#### Exercise prompt
Please reproduce all the data exactly as written and omit the pictures.

#### Dataset excerpts

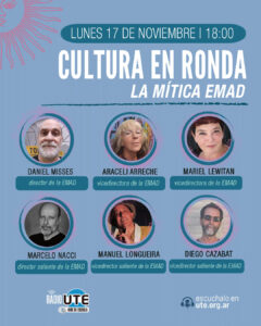 Cultura, Más Cultura, Notas y entrevistas, Noticias DestacadasCultura en Ronda. LA MÍTICA EMAD 17 Nov Cultura en Ronda La mítica EMAD🎭 Invitadxs: Daniel Misses, Araceli Arreche, Mariel Lewitan, Marcelo Nacci, Manuel Longueira, Diego Cazabat. ➡️ Lunes 17/11 a las 18 h Por Radio UTE https://youtube.com/@radioute?si=MwLd2LAgb8H-piNc
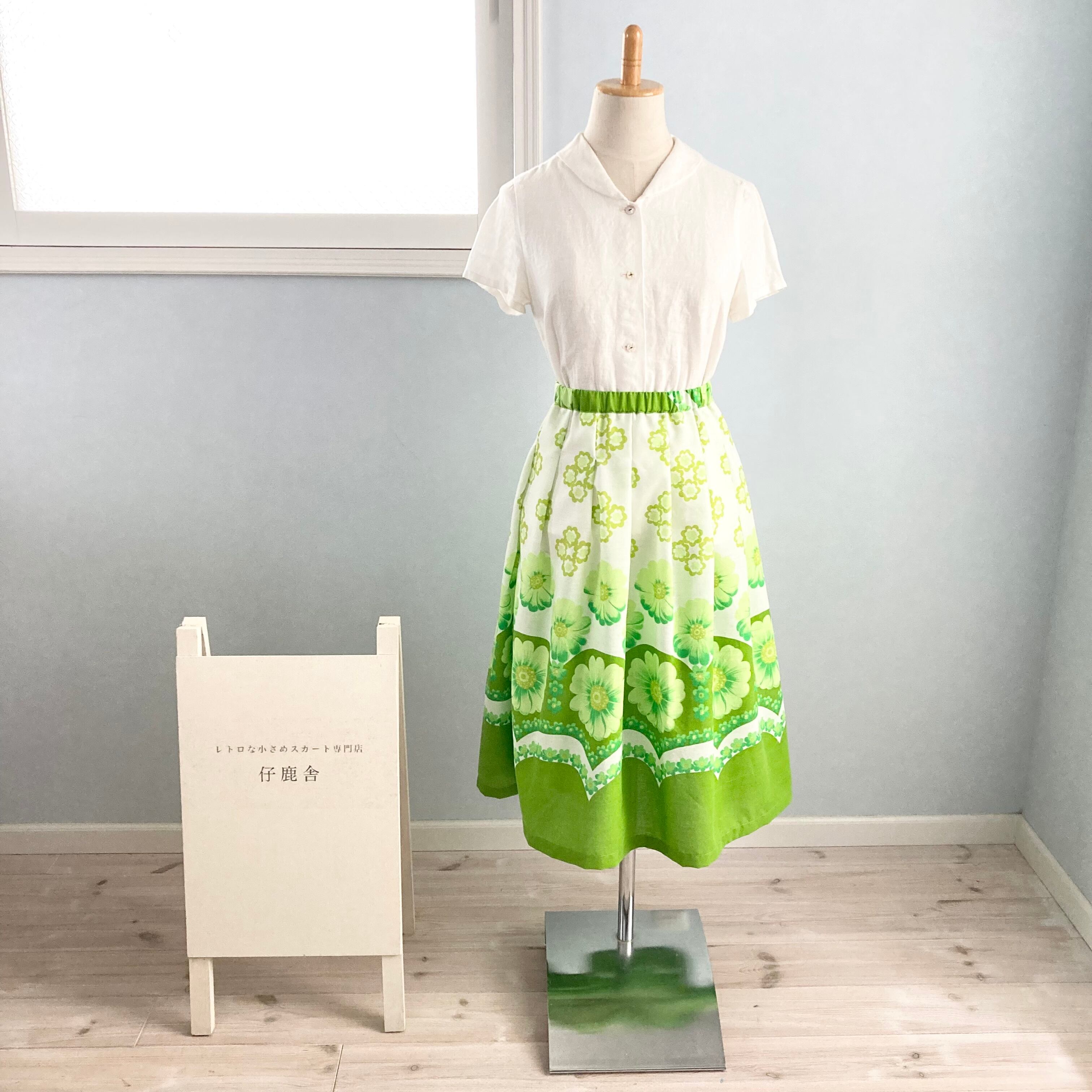 ドイツヴィンテージ生地 グリーン&黄緑 花柄レトロスカート
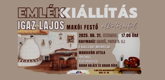 17:00 – 18:00 Emlékkiállítás Igaz Lajos makói festő alkotásaiból június 21. – 17:00 – 18:00 Emlékkiállítás Igaz Lajos makói festő alkotásaiból
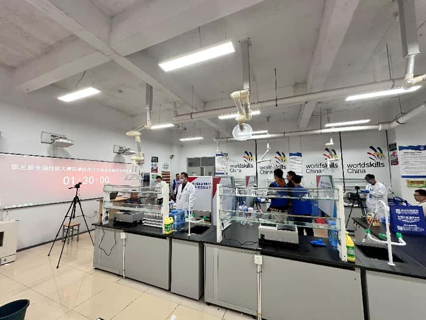 污水处理项目比赛聚焦选手泵的拆装与维护、污水絮凝实验、水中磷酸盐监测等综合应用能力,工业互联网工程技术项目竞赛涵盖工业互联网网络架构设计、设备组网调试、数据分析与处理、平台开发与优化等多个技术领域。参赛选手们表现出色,展现了扎实的理论功底和熟练的实操能力。
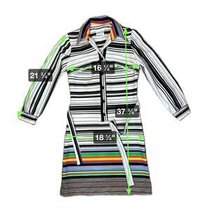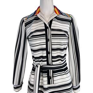 Vintage Jennifer Gee Dress 1970s Big Collar Striped Long Sleeve Belted Mod 8
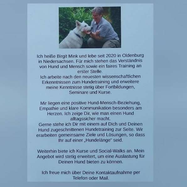 Ich heiße Birgit Mink und lebe seit 2020 in Oldenburg in Niedersachsen. Für mich stehen das Verständnis von Hund und Mensch sowie ein faires Training an erster Stelle. Ich bin selbst Hundehalterin und habe mit meiner Ausbildung zur Hundetrainerin bei Ziemer & Falke meinen Traum verwirklicht. Ich arbeite nach den neuesten wissenschaftlichen Erkenntnissen zum Hundetraining und erweitere meine Kenntnisse stetig über Fortbildungen, Seminare und Kurse. Nach meinem erfolgreichem Abschluss im September 2022 habe ich mich im Bereich Welpentraining (Welpencoach) spezialisiert. Auch meineWeiterbildung zur Verhaltensberaterin habe ich abgeschlossen. . Mir liegen Hund-Mensch-Bindung, Empathie und klare Kommunikation besonders am Herzen."
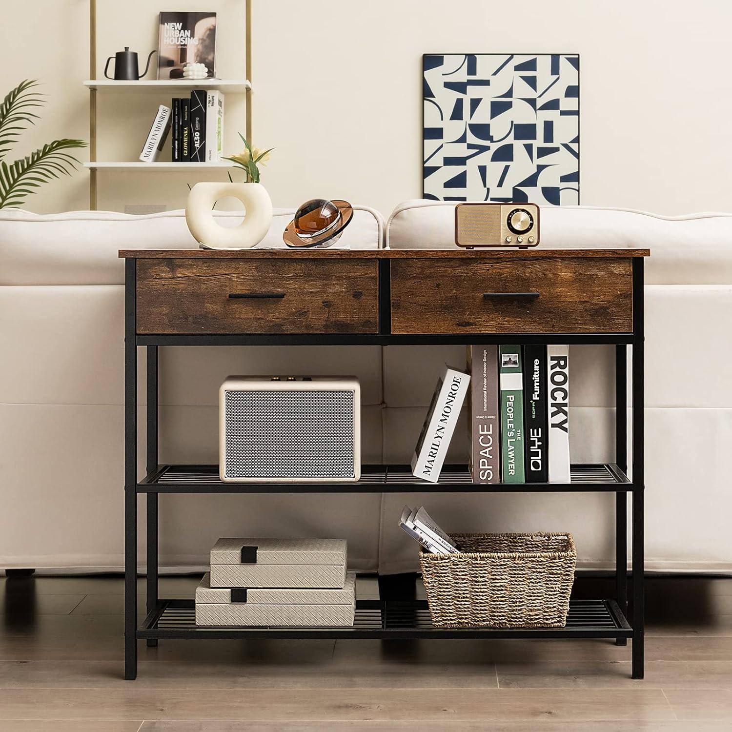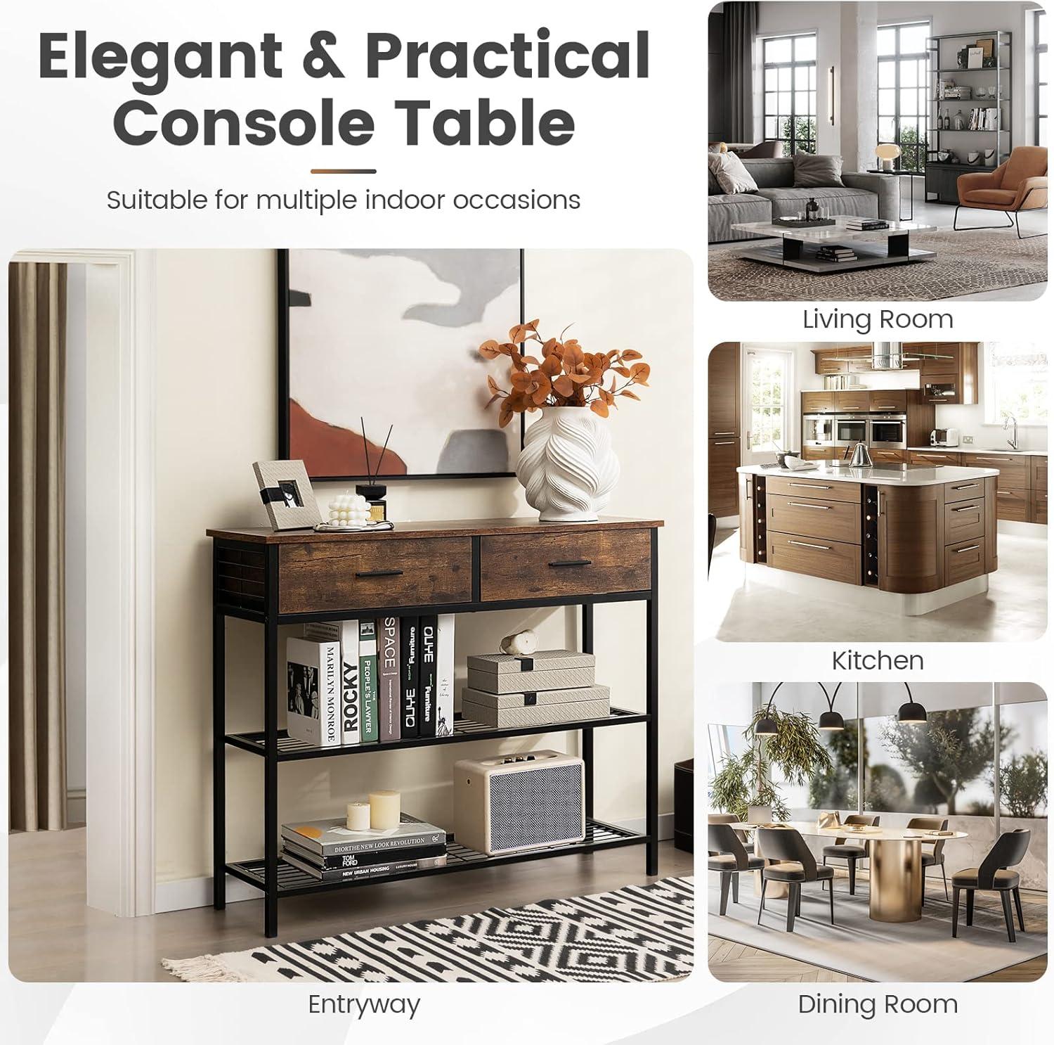 Spacious Storage Space: With a bottom shelf and 2 drawers, this console table will provide you with plenty of storage space. The bottom shelf is great for keeping your books, storage boxes or some potted plants. The table top is great for home decor, while the 2 drawers are convenient for you to store your personal items.

#### Solution for this exercise
 Cultura, Más Cultura, Notas y entrevistas, Noticias DestacadasCultura en Ronda. LA MÍTICA EMAD 17 Nov Cultura en Ronda La mítica EMAD🎭 Invitadxs: Daniel Misses, Araceli Arreche, Mariel Lewitan, Marcelo Nacci, Manuel Longueira, Diego Cazabat. ➡️ Lunes 17/11 a las 18 h Por Radio UTE https://youtube.com/@radioute?si=MwLd2LAgb8H-piNc
 ドイツヴィンテージ生地 グリーン&黄緑 花柄レトロスカート
 17:00 – 18:00 Emlékkiállítás Igaz Lajos makói festő alkotásaiból június 21. – 17:00 – 18:00 Emlékkiállítás Igaz Lajos makói festő alkotásaiból
 污水处理项目比赛聚焦选手泵的拆装与维护、污水絮凝实验、水中磷酸盐监测等综合应用能力,工业互联网工程技术项目竞赛涵盖工业互联网网络架构设计、设备组网调试、数据分析与处理、平台开发与优化等多个技术领域。参赛选手们表现出色,展现了扎实的理论功底和熟练的实操能力。
 Vintage Jennifer Gee Dress 1970s Big Collar Striped Long Sleeve Belted Mod 8
 Ich heiße Birgit Mink und lebe seit 2020 in Oldenburg in Niedersachsen. Für mich stehen das Verständnis von Hund und Mensch sowie ein faires Training an erster Stelle. Ich bin selbst Hundehalterin und habe mit meiner Ausbildung zur Hundetrainerin bei Ziemer & Falke meinen Traum verwirklicht. Ich arbeite nach den neuesten wissenschaftlichen Erkenntnissen zum Hundetraining und erweitere meine Kenntnisse stetig über Fortbildungen, Seminare und Kurse. Nach meinem erfolgreichem Abschluss im September 2022 habe ich mich im Bereich Welpentraining (Welpencoach) spezialisiert. Auch meineWeiterbildung zur Verhaltensberaterin habe ich abgeschlossen. . Mir liegen Hund-Mensch-Bindung, Empathie und klare Kommunikation besonders am Herzen."
 Spacious Storage Space: With a bottom shelf and 2 drawers, this console table will provide you with plenty of storage space. The bottom shelf is great for keeping your books, storage boxes or some potted plants. The table top is great for home decor, while the 2 drawers are convenient for you to store your personal items.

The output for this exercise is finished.